=== Data records ===

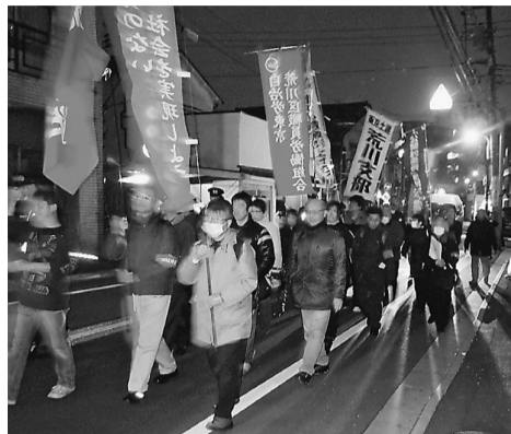
消費税増税反対などうったえデモ行進する春闘参加者
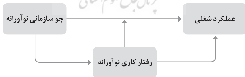
شکل ۱. چارچوب مفهومی پژوهش

امروزه نظام آموزشی برای رویارویی با چالشهای پیش‌رو، نیازمند تغییر و رفتارهای نوآورانه است که متأسفانه، مدارس ایران نوآور نیستند و وضعیت آنها به سبب نبود شرایط لازم و بروز مقاومت‌هایی در برابر نوآوریهای آموزشی رضایت‌بخش نیست. در این راستا، پژوهشها، مطالعات و طرحهایی انجام می‌شوند که همگی در تکاپوی جستن روشها و راهکارهایی برای اصلاح محیط نوآورانه در مدارس و بهبود عملکرد معلمان و به‌طور کل عملکرد نظام آموزشی هستند (حیدری‌فرد، زین‌آبادی، بهرنگی و عبدالهی، ۱۳۹۵). با توجه به بررسی مطالعات انجام شده، بیشتر تحقیقات تنها به یکی از متغیرهای موجود در این پژوهش توجه کرده‌اند و در برخی دیگر نیز فقط به بررسی نقش تعدیلگر متغیر رفتار کاری نوآورانه پرداخته‌اند و هیچ‌کدام به‌طور همزمان نقش میانجی و تعدیلگر رفتار کاری نوآورانه در رابطه بین جو سازمانی نوآورانه و عملکرد شغلی را بررسی نکرده‌اند. بر این اساس و با توجه به اهمیت وجود جو نوآورانه در هنرستانها و رفتار نوآورانه دبیران که می‌تواند منجر به تربیت دانش‌آموزان خلاق و نوآور گردد و با توجه به گزارش اداره اطلاع‌رسانی و روابط عمومی اداره کل آموزش و پرورش استان گیلان (۱۳۹۸) که نشان می‌دهد که جو سازمانی نوآورانه در تعداد کمی از مدارس استان گیلان وجود دارد و اکثر دبیران و معلمان، برای انجام وظایف شغلی خود، رفتارهای نوآورانه کمی از خود نشان می‌دهند و عملکرد چندان مناسبی نداشته‌اند (جهان‌آرای، ۱۳۹۸)، سؤال اصلی تحقیق این است که آیا رفتار کاری نوآورانه در ارتباط بین جو سازمانی نوآورانه و عملکرد شغلی دبیران هنرستانهای فنی و حرفه‌ای استان گیلان نقش میانجی دارد؟ با توجه به مطالعات انجام شده، چارچوب مفهومی پژوهش به شکل زیر خواهد بود:
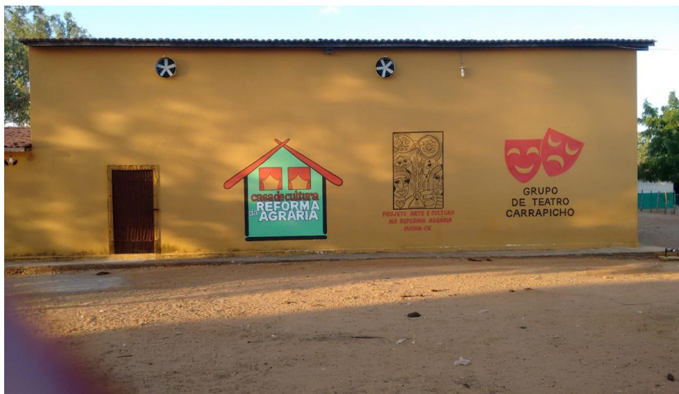
IMAGEM V - Casa de Cultura do Assentamento
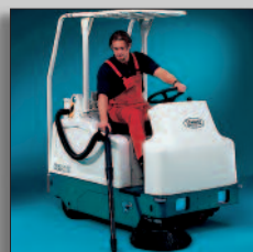
Pare-chocs avant et flexible auxiliaire d'aspiration
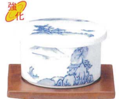
モ94-513-2 山水 せいろむし器 (φ9.9×6cm) ¥1,390 1224091047 モ94-514-2 茶マット 受台 (11.2×1.5cm) ¥590 1424092034
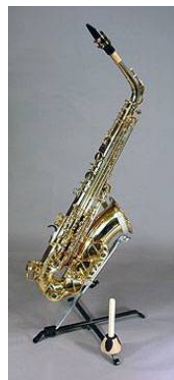
9103 (9112CFP別売り) アルト/テナーサックススタンド
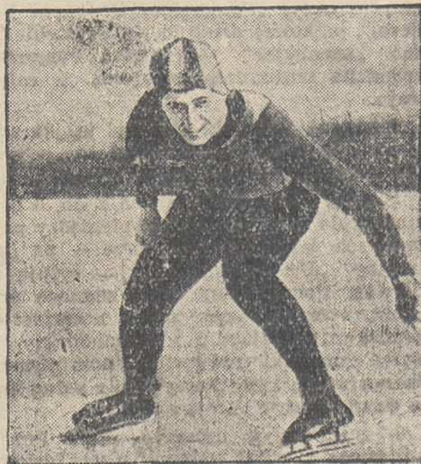
Pierwszy triumfator Olimpiady.

Międzynarodowy turniej hokejowy w Zakopanem. W trzydniowym turnieju hokejowym w Zakopanem, który zakończył się dnia 2 bm. pierwsze miejsce zajął Troppauer EV 6 punktów, stosunek bramek 11:0; 2) Sokół 3 p. st. br. 4:7; 3) reprezentacja Brna 2 p. st. br. 4:8; 4) Cracovia 1 p. st. br. 4:8.
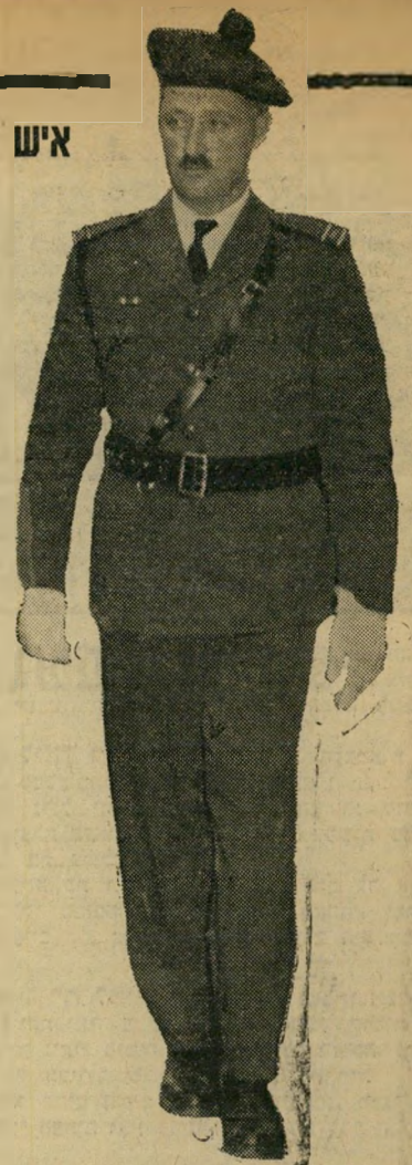
חצור (במדי קצין הכנסת)
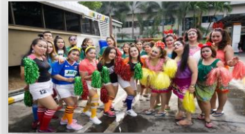
2010-2017 (Step 2)
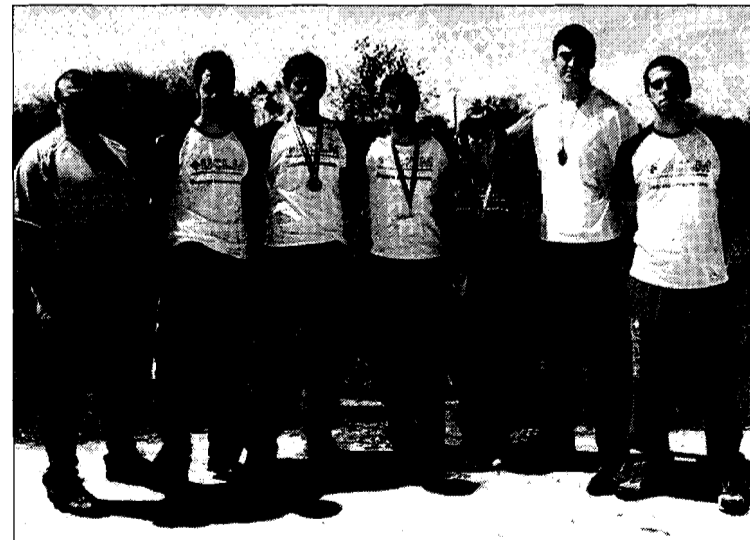
Representantes de la Universidad de Castilla-La Mancha, en el Nacional.

Pero además es reflejo de la buena relación que existe entre la Federación de Castilla-La Mancha y la Universidad regional. Una colaboración que ha
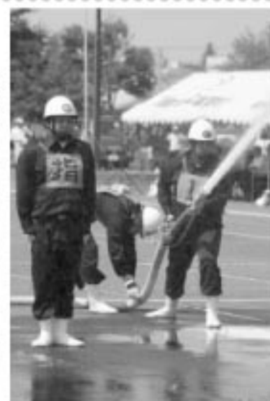
▲火点めがけて放水開始!
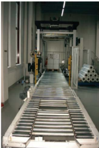
Abnahmebereich mit Drehringwickler
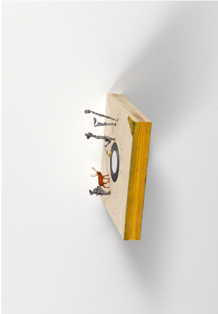
- platzhirsch -
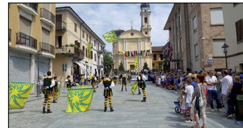
Gli sbandieratori in azione
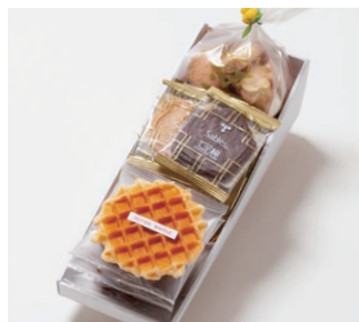
G3-Cセット ¥2,600 (税別)

サブレ10枚 (バター、ココア各3枚、ココナッツ、黒ごまココア各2枚) ワッフル5枚 (バター3枚、ココア2枚) アソートクッキー 130g
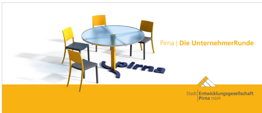
Logo Unternehmerrunde (Abbildung: SEP)
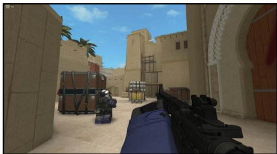
Abbildung 1: Roblox Counter-Blox (Roblox 2023)

Durch die steigende Popularität mobiler Endgeräte und Online-Games wird eine inhaltliche Beurteilung immer schwieriger. Auch die Altersfreigabe durch die USK gerät an ihre Grenzen. Durch den ständigen Wandel von Online-In-
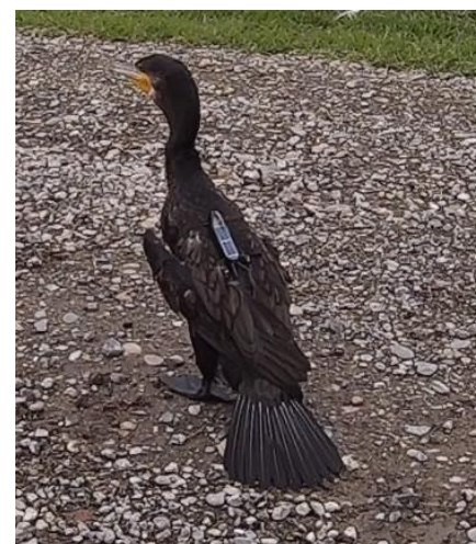
ロガーを装着したカワウ
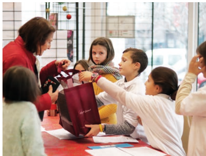
Distribution des coffrets de Noël aux seniors par les enfants du CME.

2 nouveaux arrêts de bus à l'intersection route de Brignais / chemin de pressin seront mis en place courant février. L'objectif ? Sécuriser la traversée piétonne par la mise en place de feux tricolores et permettre aux lycéens de passer par le chemin de Pressin pour accéder au lycée horticole. Ils évitent ainsi le chemin de Beaunant, plus fréquenté par les automobilistes.
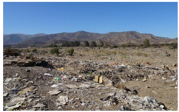
Fotografía N° 21 Microbasural en Estero Colina aguas arriba del Puente Esmeralda ribera norte.
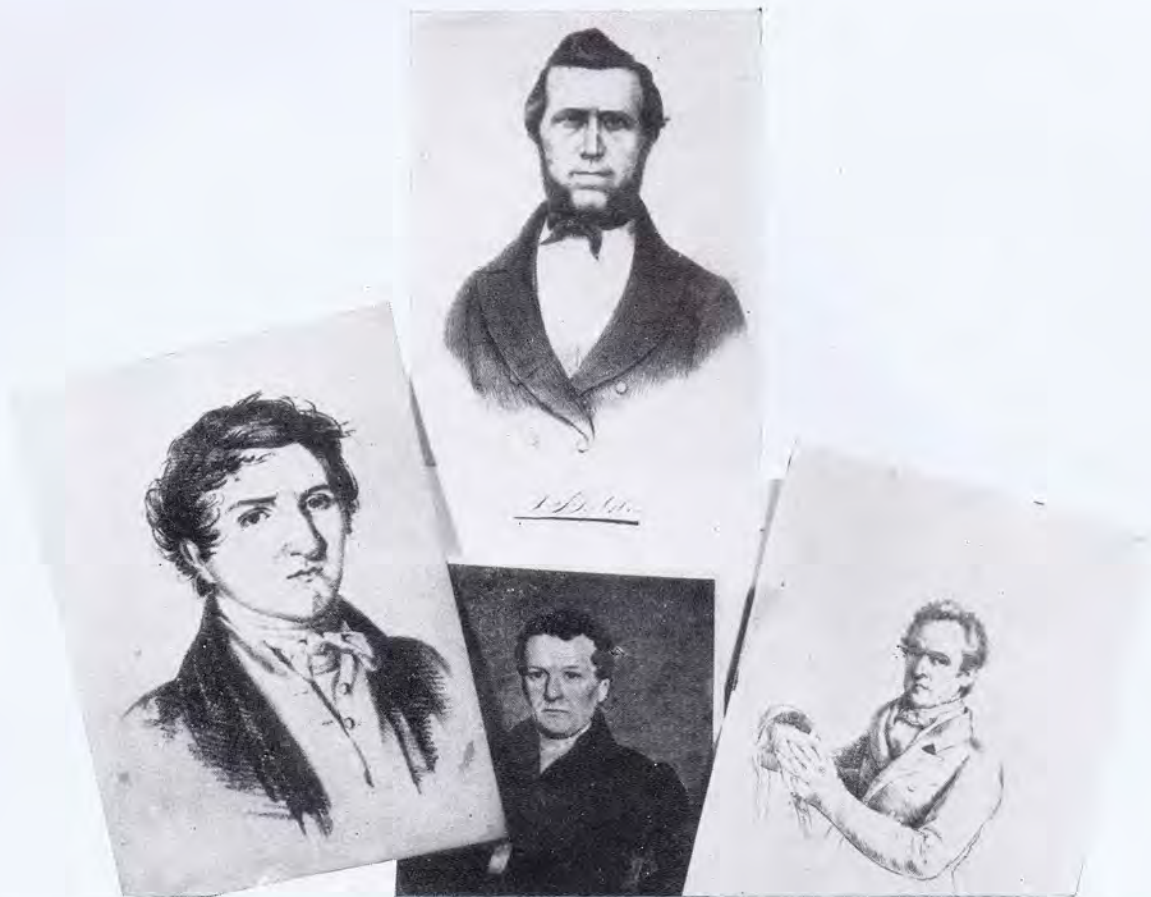
Boven: Harmen Sytstra (1817-1862), grondlegger der Friesche beweging. — Beneden van links naar rechts: Eeltsje Halbertsma (1797-1858), Tsjalling Halbertsma (1792-1852), Joost Halbertsma (1789-1869), schrijvers der „Rimen en Teltsjes.”

de aan poëzie vaak zoo rijke oud-Friesche wetten is het de aarde, de hoeve, het recht, de vrijheid die de aandacht opeischen. Nu komt de Friesche boer op den voorgrond; maar het is alsof de vrijheidsliefde van den Frieschen zeeman voor eeuwig in zijn bloed zal blijven.
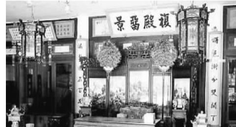
颐和园玉澜堂“复殿留景”匾额

在北京颐和园昆明湖畔，有一座清代皇帝的书堂——玉澜堂。光绪年间，玉澜堂成了光绪皇帝的寝宫，1898年戊戌变法失败后，慈禧太后曾把光绪帝幽禁在这里。每年的4月初到10月，慈禧太后都要在颐和园住上7个月，其间光绪帝也必须随同前往，困居在玉澜堂里。为了防止光绪帝与外界接触，慈禧就命人在玉澜堂的前后左右修砌了多道砖墙，门口还有太监站岗，将玉澜堂全面封闭起来，清雅宜人的书堂从此成了一代帝王凄苦寂寥的牢笼。至今人们来到玉澜堂，似乎仍能感到一股阴森森的气息弥漫其中。
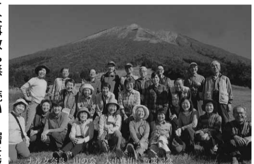
当初は会員も若かったこともあり国内だけではなく外国の山も夢見るようになり、有志を募りスイス・ニュージーランドでのトレッキングに行き、楽しい思い出となっています。

奈良同好会巡り 奈良拠点山の会 ナルク奈良拠点設立の秋、代表の肝いりで会員の健康と絆を深めるため、クラブとして「山の会」が発足しました。
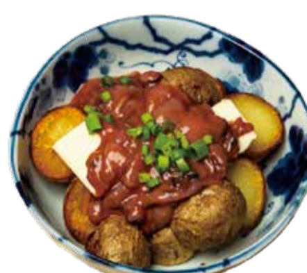
塩辛バターポテト 三九〇+税
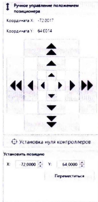
Рисунок 2 – Меню программы для ручного управления движением сканера

Перемещая антенну-зонд с установленным оптическим отражателем вдоль оси Ox в пределах рабочей зоны сканера с шагом \lambda_{min}/2 , где \lambda_{min} - минимальная длина волны, соответствующая верхней границе диапазона рабочих частот комплекса, до срабатывания механического ограничителя, фиксировать показания системы лазерной координатно-измерительной Leica AT401.
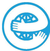
エコマーク認定商品 11135001
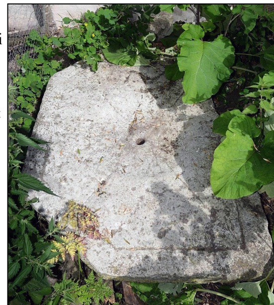
Bild 6. Stenhäll på Stora Velinge, Buttle.

Gutasagan säger att köpmän reste till kristna länder, somliga lät döpa sig där och förde med sig kristna präster till Gotland. Det äldsta kyrkobyggandet på Gotland tycks helt ha skett på privat initiativ. Enskilda storbönder och farmän antog den kristna tron och tros ha byggt sig ett gudshus på sin gård. Först när allt fler kyrkor byggdes i sten reglerades kyrkornas antal, i vissa fall kanske genom att nya sockenkyrkor delvis ersatte flera gamla gårdskyrkor. Det är möjligt att Hajdgårdes innevånare var tidiga med att bygga en gårdskyrka i vilken vuxendop förrättades i ett träkärl ovanpå en dophäll i sten. Samma sak kan ha skett på gårdarna i Norrlanda, Atlingbo och Buttle. Kanske gäller det även de äldre gårdar som sedan blev medeltida prästgårdar i Hejde, Öja och Bunge?
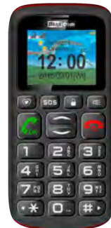
Maxcom MM 428 0 EUR

Detalii despre zonele de tarificare roaming pe www.orange.ro . In tarile non-membre UE are loc tarificarea traficului Internet: Serbia / Macedonia Moldova / Elvetia / etc.
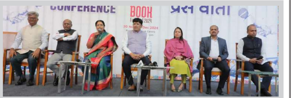
એઆઈ, કામ જનાલિંગમ, ગાંધી-મંડેલા લેગસી પર લાઇવ સેશન યોજાશે

=== PROBLEM DESCRIPTION ===
What you give back should be exactly the lines from the top of the data above down to and including the line with "شکل ۱. چارچوب مفهومی پژوهش", minus any pictures.

=== EXPECTED OUTPUT ===
消費税増税反対などうったえデモ行進する春闘参加者
شکل ۱. چارچوب مفهومی پژوهش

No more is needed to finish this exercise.